Additionally, many sunscreens do not have equivalent UVA and UVB filters in their formula. The main concern of sunscreen developers and formulators is to prevent sunburn. Sunburn is caused by UVB light. Because the main goal is to prevent sunburn, manufacturers often focus on UVB protection. Hence the SPF claim (15, 20, 30, 50+) on the bottles often only stands for the UVB filter, not the UVA filter [4]. A broad-spectrum sunscreen will have filters for both types of UV, but the UVA filter might be lower. That means the two types of rays are split into different degrees of protection and penetration, which can aggravate pigmentation.
The pattern of melasma is significant, as it appears symmetrically and favours the cheeks, forehead, nose and upper lip area. People with naturally darker skin types are more prone to develop melasma. Regarding the skin cells, it is typical that the melanocytes are bigger and contain more melanin than usual, while their actual number is not increased. Furthermore, the hyperpigmented areas in melasma are not only found in the epidermal layer, where brown pigment should be but also underneath, the dermal layer (dermis). The fact that lesions are found in the dermis is likely a reason why melasma is harder to treat. Tattoos, for example, are purposely placed in the dermis to make them last forever.

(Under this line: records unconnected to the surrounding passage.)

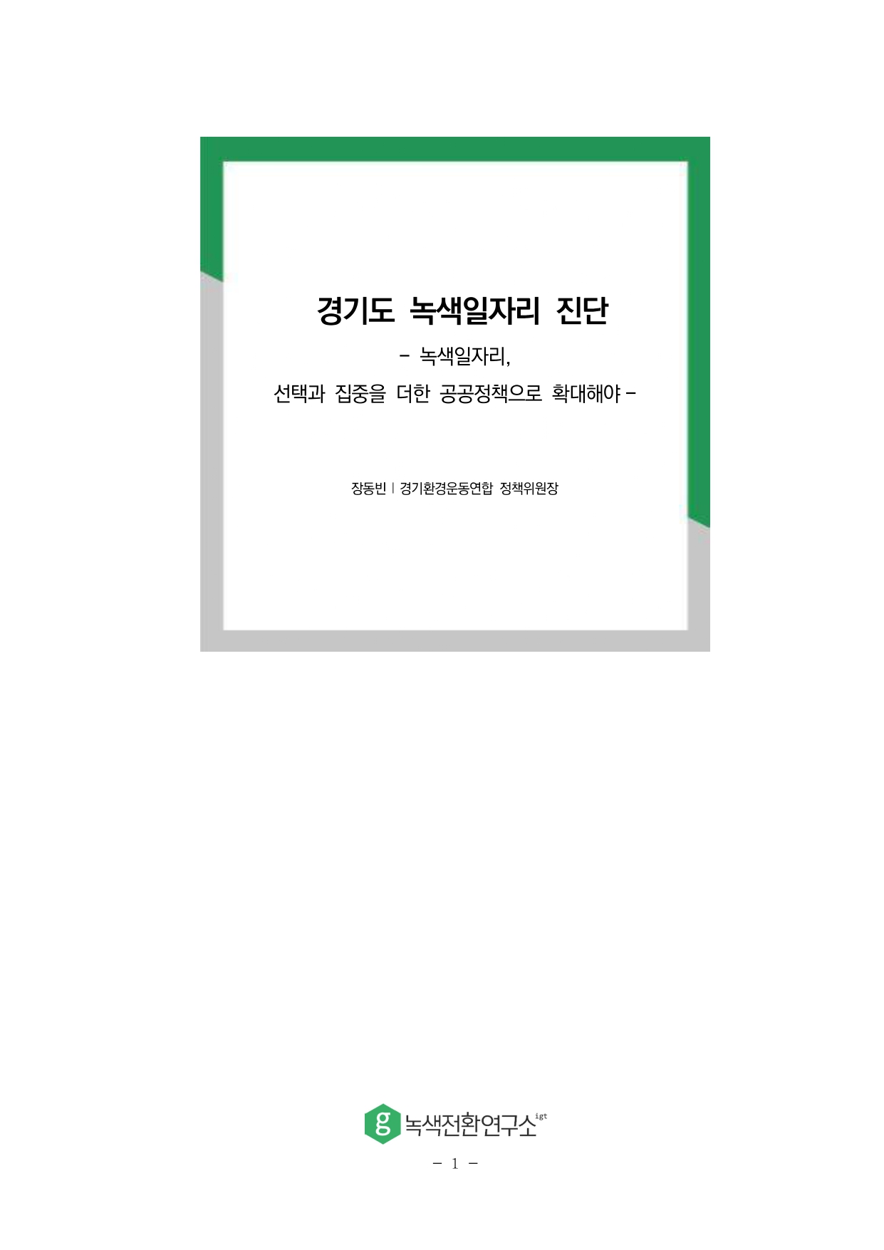 녹색전환연구소는 우리나라의 녹색일자리 현황을 진단하고자 17개 광역시도의 ‘녹색일자리 이슈페이퍼(이하 이슈페이퍼)'를 지역의 공동연구원과 함께 수행했다. 2023년 7월 20일(수) 장동빈 지역연구원(경기환경운동연합 정책위원장)과 함께 「경기도 녹색일자리 진단」를 발간했다.
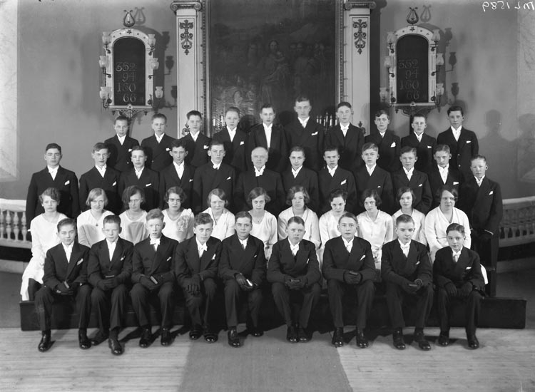 Uppgift enligt fotografen: "Uddevalla. Konfirmander. Pastor Agner."
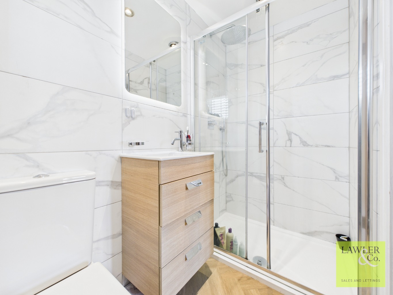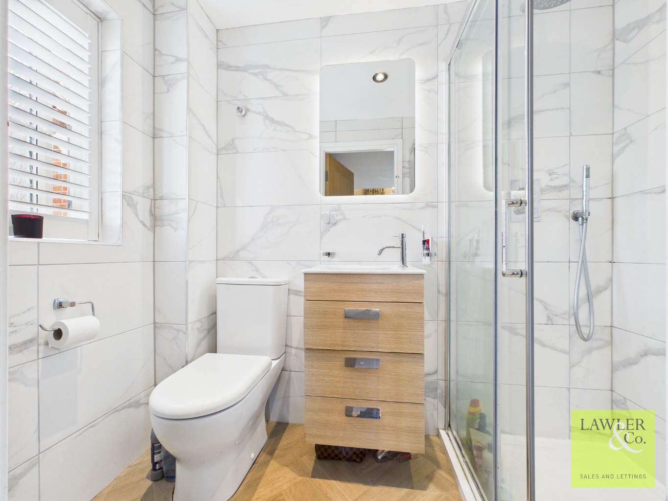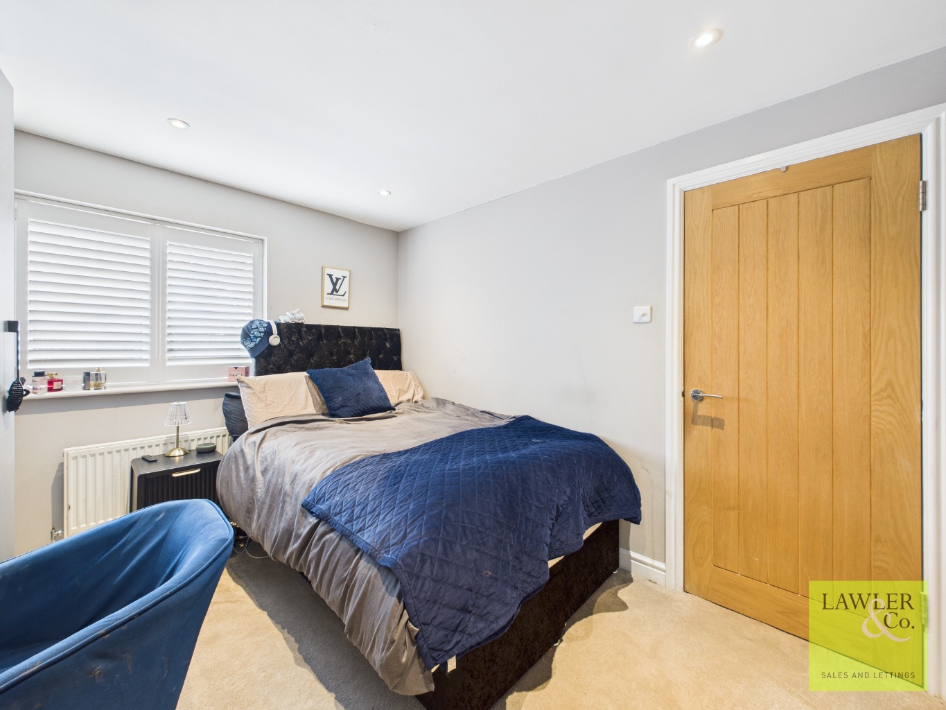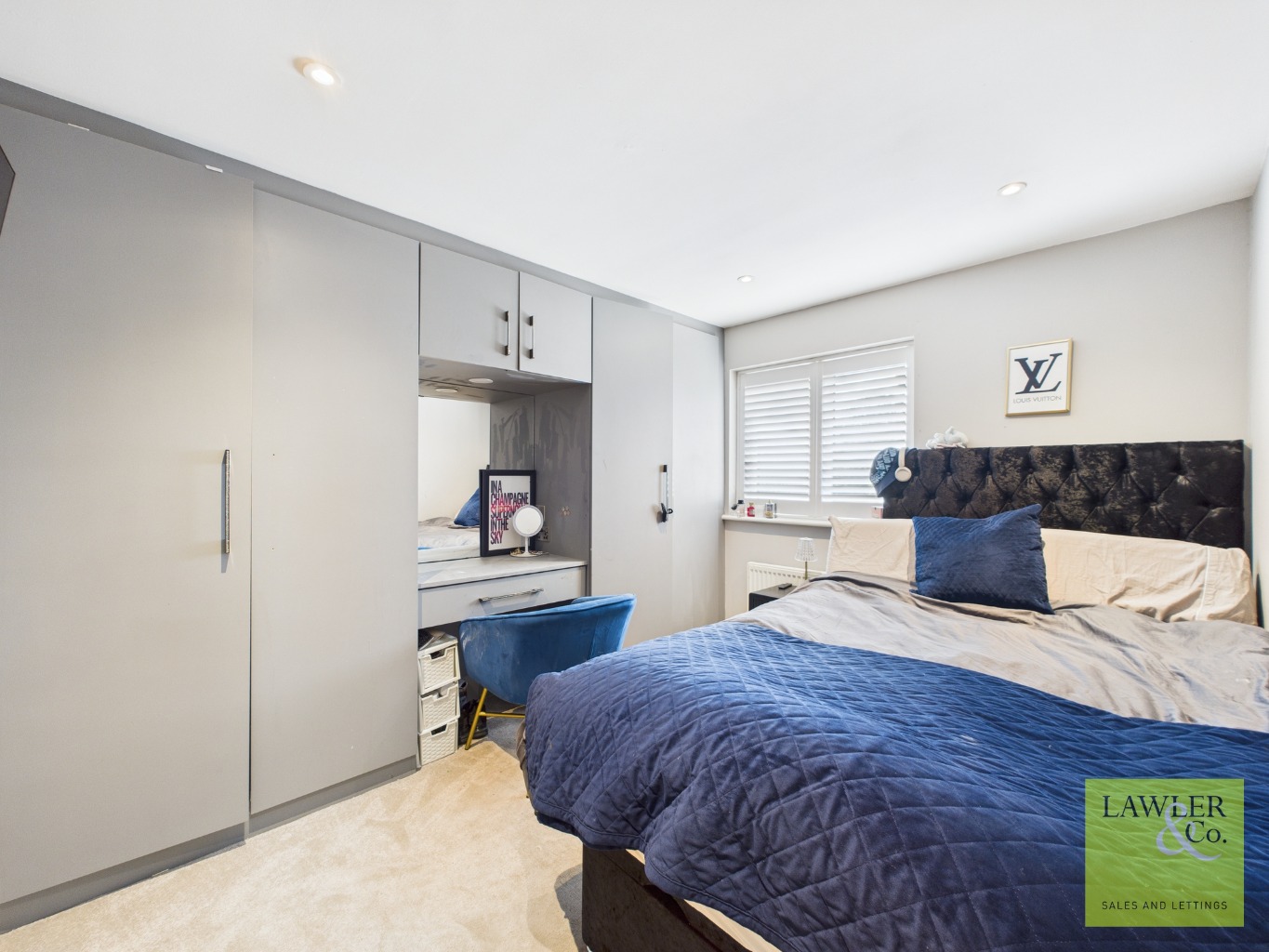 Upstairs, there are four generously sized bedrooms, all featuring fitted wardrobes and shutter blinds. The master bedroom is a standout, offering high ceilings, a beautiful arched front-facing window, and a stylish three-piece en-suite bathroom. A modern and well-presented family bathroom serves the remaining bedrooms.

Wood’s lamps are widely used in skin therapy studios as skin diagnosis tools. When examining the skin, this lamp is a helpful tool to find out if pigmentation is present in the dermis. If the melasma lesions, or part of them, are not visible under the wood’s lamp, we have dermal pigmentation. The reason is simply that the light emitted by the wood’s lamp cannot reach into the deeper dermal layers. You only see what is in the epidermis.
Science has come a long way in recent years when it comes to the treatment of illness and disease but, needless to say, it still has a long way to go yet, not least with conditions that disproportionately affected women and girls. As someone who has been diagnosed with endometriosis, I very much know the feeling of being lost in the Wild West of that prescriptive medicine can offer.

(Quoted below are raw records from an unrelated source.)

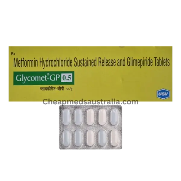 Glycomet-GP 0.5 Tablet contains metformin and glimepiride, used to manage type 2 diabetes mellitus. It helps control blood sugar by improving insulin sensitivity and increasing insulin release. It is usually taken once daily with meals to reduce the risk of low blood sugar. Common side effects may include nausea, dizziness, headache, hypoglycemia, and stomach upset, which are generally mild and manageable.
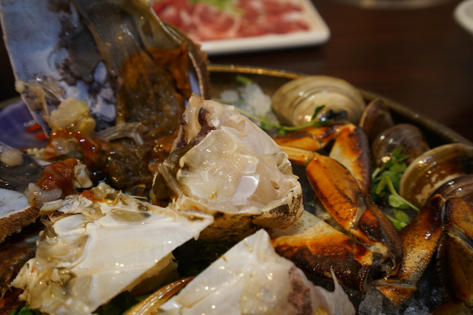 天鍋宴在天母十分有名,每次氣溫一降,我就很想要衝去吃吃看,這次邀了大家搭捷運到芝山站一起吃黃金蟹,秋天的螃蟹最是肥美,天鍋宴的食材選得很高檔,對於新鮮度與肉質的要求都非常高,讓我們大啖海鮮、牛肉,吃得非常滿足!
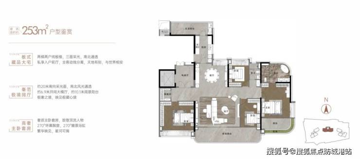 保利华创都荟天珺项目的建面约 253 平户型,采用 2T2 专梯专户设计,确保了住户的私密性和尊贵体验,南北通透的布局和低密板楼的设计,保证了室内的通风采光,彰显出豪宅的高贵品质。
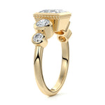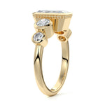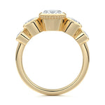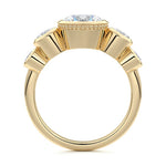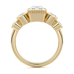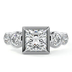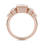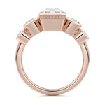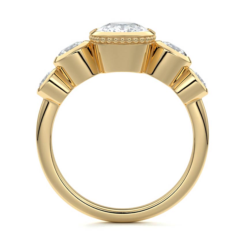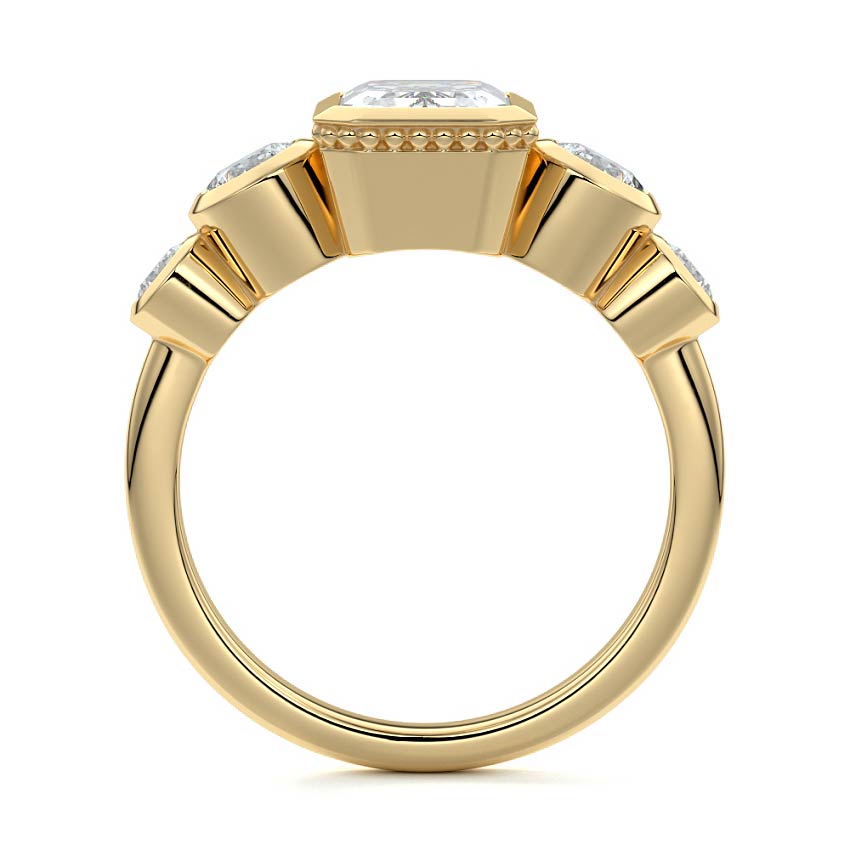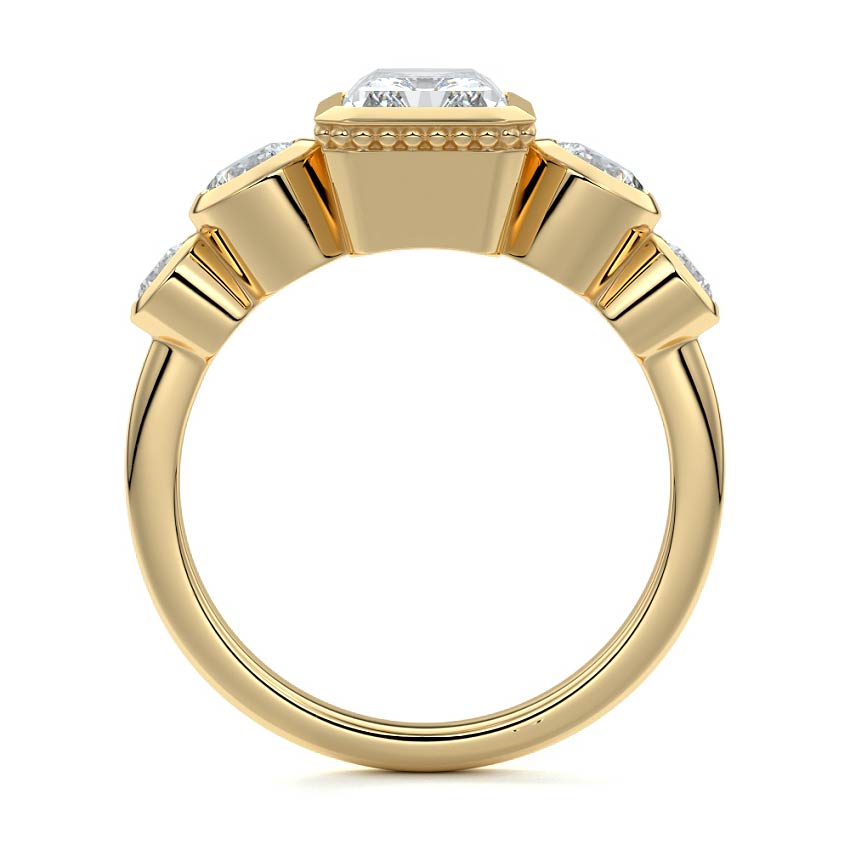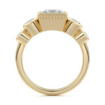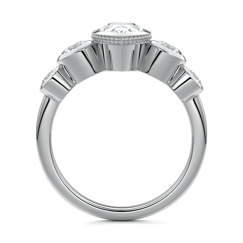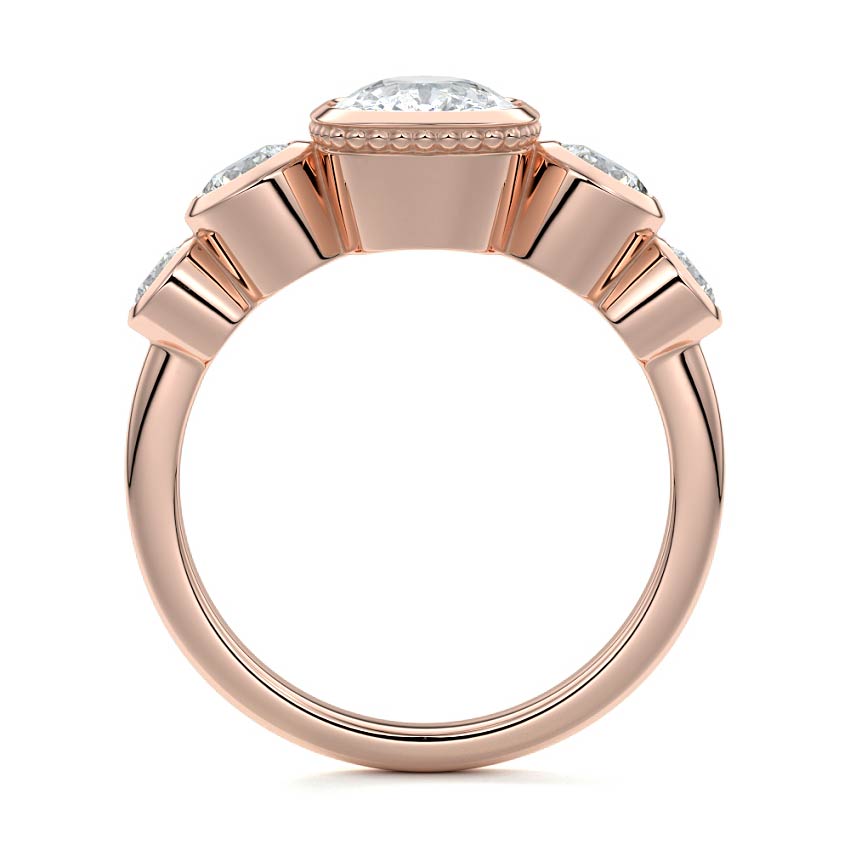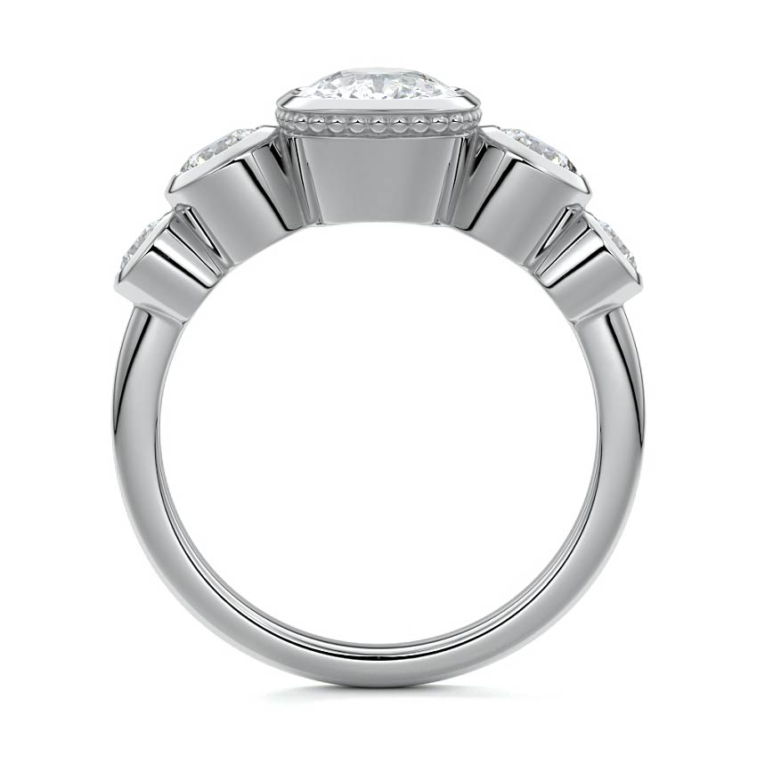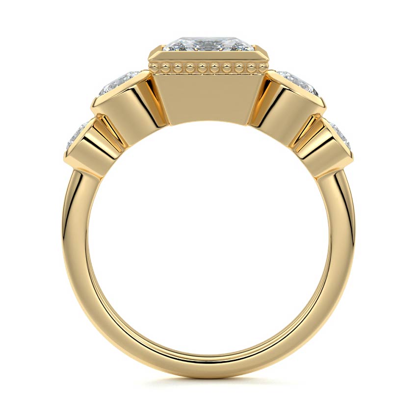 This setting is a sophisticated and refined choice for those who appreciate the combination of classic design elements with intricate detailing. It offers a timeless and elegant look that can hold special meaning with the choice of gemstones and metal, making it a cherished piece of jewelry.

Janett Juwien, a trained cosmetic scientist, aesthetician and owner of both a bachelor of science and multiple renowned beauty salons in Germany and Australia has turned her years of expertise into writing in her new self-help guide, The Truth About Melasma. Melasma is a skin condition that affects skin pigmentation, usually on the face and, in the majority of cases, women (although it is worth noting about 20% of those with the condition are male). In this handy guide that comes in at just under 200 pages, Juwien analyses both the causes of the condition and the treatments that can help alleviate symptoms. This includes not only medicated options but also lifestyle changes and vitamin supplements that are cheap and readily accessible.

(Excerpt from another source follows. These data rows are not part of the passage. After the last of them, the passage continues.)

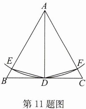 11. 如图,AD是$\triangle ABC$的角平分线,以点A为圆心,AD长为半径画弧,与AB,AC分别交于点E,F,连接DE,DF,且$\angle BDE= \angle CDF$.求证:$BD= CD$.
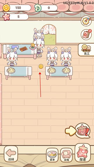 2、客人点餐后厨房自动做菜、上菜,点击地上的金币就可以获得费用,前期可以点击右下角的妖怪图标,按照任务列表解锁新摆设。
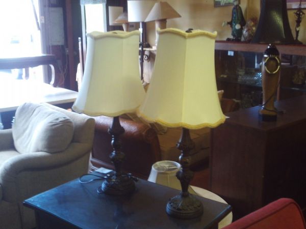 SET OF TWO - 30''H Metal Lamps w/Stone Insert and Shades.

There is a lot to like with this book. It is highly visual, with colour illustrations and tables to bring to life some of the dryer facts and figures. Coming from a very much non-scientific background I have to take the book's guidance on face value, however every single assertion made in The Truth About Melasma is fully supported with research footnotes that provide the ability to conduct independent research. That, coupled with the author's own scientific knowledge and experience provides a needed dose of reassurance to any reader.
This guide feels like all the best parts of an extended Google search on Melasma, rolled into one handy to use guide. That considered, The Truth About Melasma is something I would recommend to anyone, male and female, who suffers with this skin complaint. With some of the guidance in this book, you cannot go far wrong.